Similarly, when everybody had one car, most families had a saloon car at the time, a fairly standard car. People with two cars almost never have one saloon car, let alone two. In fact, they tend to have two cars that are wildly different—one very large one and a smaller one. Variety increases with frequency, as it were. That seems like a relatively obvious point.

 If I asked two people each to go and spend half a million dollars on a house, you'd probably have two quite middle-of-the-road houses. If I asked you to spend $1 million on two houses, the two houses would not be remotely similar. One would be a flat in the center of town, the other one would be somewhere miles out by the beach. All obvious enough, right?
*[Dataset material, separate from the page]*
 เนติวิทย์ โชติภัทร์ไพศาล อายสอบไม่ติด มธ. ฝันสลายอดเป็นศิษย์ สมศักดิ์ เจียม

Now, what seems interesting to me is that no one has applied this thinking to recruitment. If you want greater diversity of recruitment, hire people ten at a time. When you hire people for one job, one at a time, you're very risk-averse, and you go for someone close to the expected norm. If you're hiring ten graduate recruits, you're looking for breadth. This happens without any quotas, without any conscious affirmative action. It seems to me a natural property of the human brain that the way we decide changes in variety simply by dint of choosing a lot simultaneously rather than choosing one person at a time. That seems to me an enormously important thing.

This is borne out by the fact that the partners in accounting firms show much less diversity than the graduate recruits do. You appoint partners one at a time, and you hire graduates en masse. The fact that our instinctive mode of choice changes depending on the way we choose, this seems to me just adding to the literature on choice architecture. When you make a choice, it's always worth asking, "How would I make this choice if the choices were presented differently, if they were presented in a different order?" 
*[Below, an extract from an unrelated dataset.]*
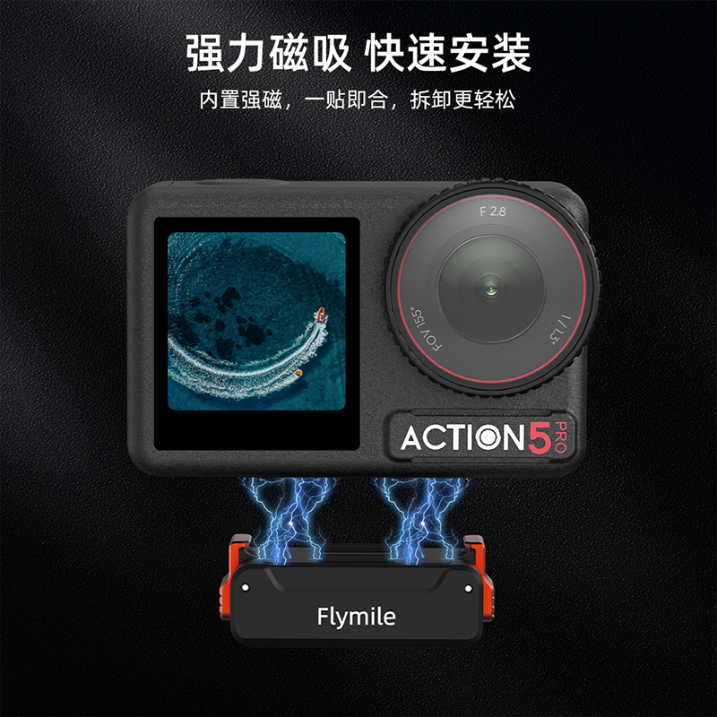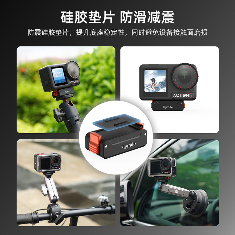 5Pro运动相机快拆转接件拓展底座1 大疆action4 4转接头配件 360磁吸快拆底座 Flymile适用于大疆Osmo

Let's talk about motor insurance. How do you get people to tell the truth? One of the things that's been reliably found is that if you get people to sign at the beginning of the process rather than at the end, they're more honest. This seems revolutionarily weird. In the context of a form, we always sign the form at the end. Yet when we have a court trial, you swear the oath before you start giving evidence, not after you've finished.

What's very interesting is this domain dependence, where things which are bloody obvious in one domain, like where you get people to swear an oath in the context of a court, become completely lost when we shift domain to the area of an insurance document.

And, on those forms, aren't we kind of encouraging people to lie? What happens if you redesign an insurance application so you give people the chance to tell the truth again at the end? I don't want to get into trouble here, but I have in the past been mildly dishonest on insurance forms for my car. I've claimed that the car was garaged when, in reality, it was probably only garaged one night in twenty. When I leave the car out, it's a fairly long way from the main road, so it’s not significantly at more risk than if it were garaged. So I’m not lying much. But the reason I veer on the side of dishonesty is for all I know, it might cost me £100 more a year to tell the truth. Even £200. The cost of insurance is not transparent. I don't know how much it costs to tell the truth, so I don't know whether the cost of telling the truth is worth it for the feeling of being an honest person. 

If I get to the end of my insurance form and it quotes me, say, £340 a year, and then it gives me an extra last-minute option to be honest by saying: "If you don't want to garage your car every night, you can park it on the drive for an extra £50 a year," now it's a finite quotable amount. I'll tell the truth and pay £50 pounds just for the good feeling that results. It's when I don't know what the cost of honesty is that I'm disproportionately encouraged to be economical with the truth.